Light detection and ranging (LiDAR) is an active remote sensing technology that can be used to directly acquire three-dimensional forest information, and it has great potential to replace traditional time-consuming field surveys. We aimed to determine the accuracy with which enhanced airborne LiDAR with high density (mean, 47 points m−2) can replicate detailed vertical foliage arrangement and three forest structural indices, i.e. number of layers (NSTRAT), sum of the percent vegetation cover (PCVC), and foliage height diversity (FHD), all of which are useful for characterizing avian habitats. Thirteen 40-m-long lines were set in an urban forest area, and LiDAR-based and field-based cross-sectional profiles with 1 × 1-m meshes were compared. In addition, we performed random LiDAR point thinning to determine whether the replications were possible with lower point densities. The 1 × 1-m mesh vertical foliage arrangements were replicated with high accuracy by using LiDAR (mean producer's accuracy, 0.756; mean user's accuracy, 0.810) before the point reduction.

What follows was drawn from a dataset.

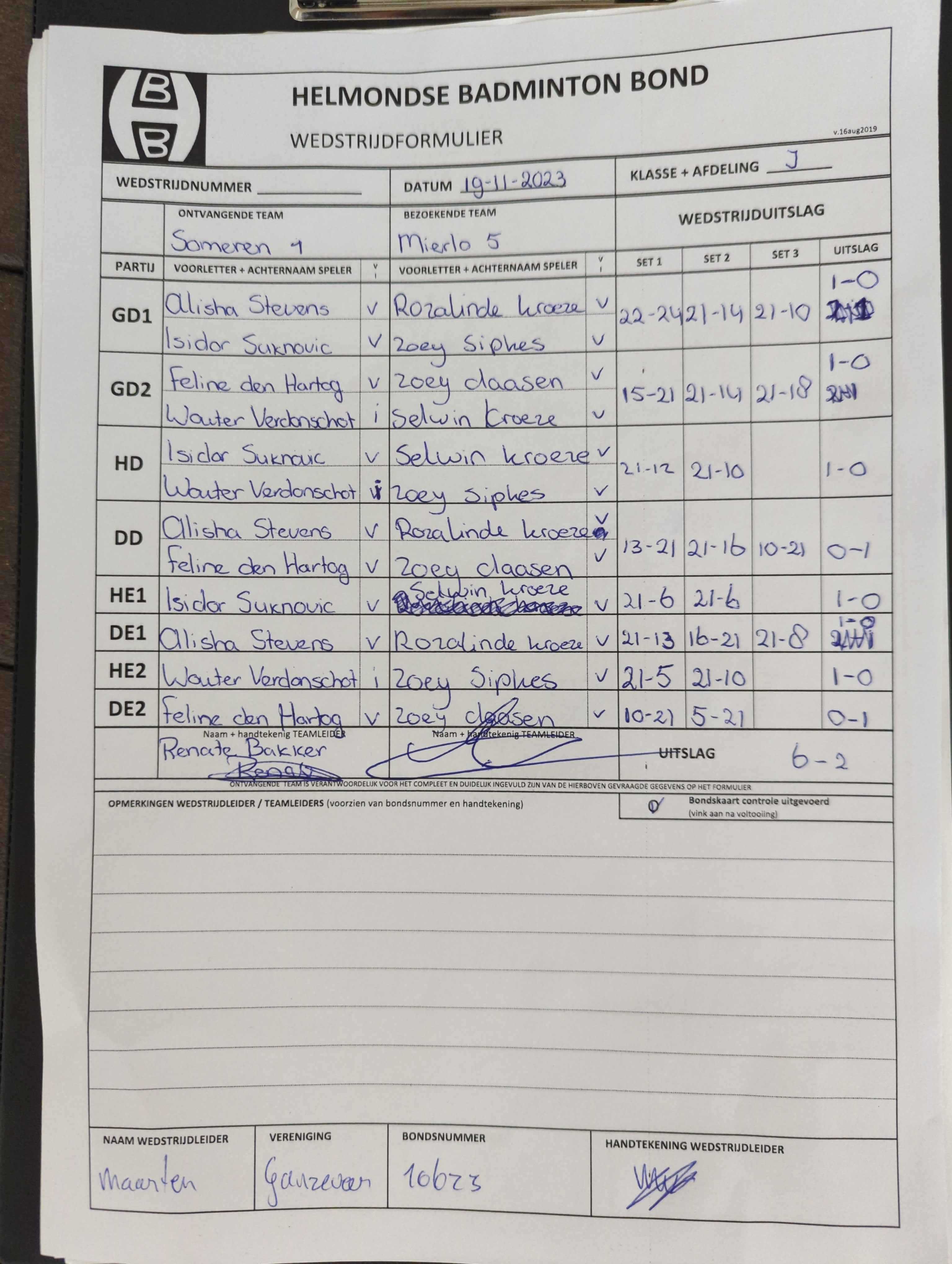 | 09:30 | zo. 19-11-2023 | Someren 1 | - | Mierlo 5 | 10 | 6 - 2 | ||

All the three indices were also replicated with high accuracy (<0.12 of the relative root mean square error for the 1:1 relationship). Even when the mean point density was reduced to 2.4 points m−2, the three indices could be quantitatively estimated with high accuracy by using simple linear regression analyses (>0.8 in R 2). For NSTRAT and FHD, numerical replication was possible with high accuracy (<0.2 and <0.1, respectively, of the relative root mean square error for the 1:1 relationship), even when the mean point density was reduced to 2.4 points m−2. In conclusion, enhanced high-density LiDAR seems to be highly suitable as a substitute for field surveys for delineating detailed vertical forest structure in order to characterize forest avian habitats. Moreover, lower-density LiDAR data could replicate the forest structural indices, suggesting its useful low-cost application in quantitative avian habitat models.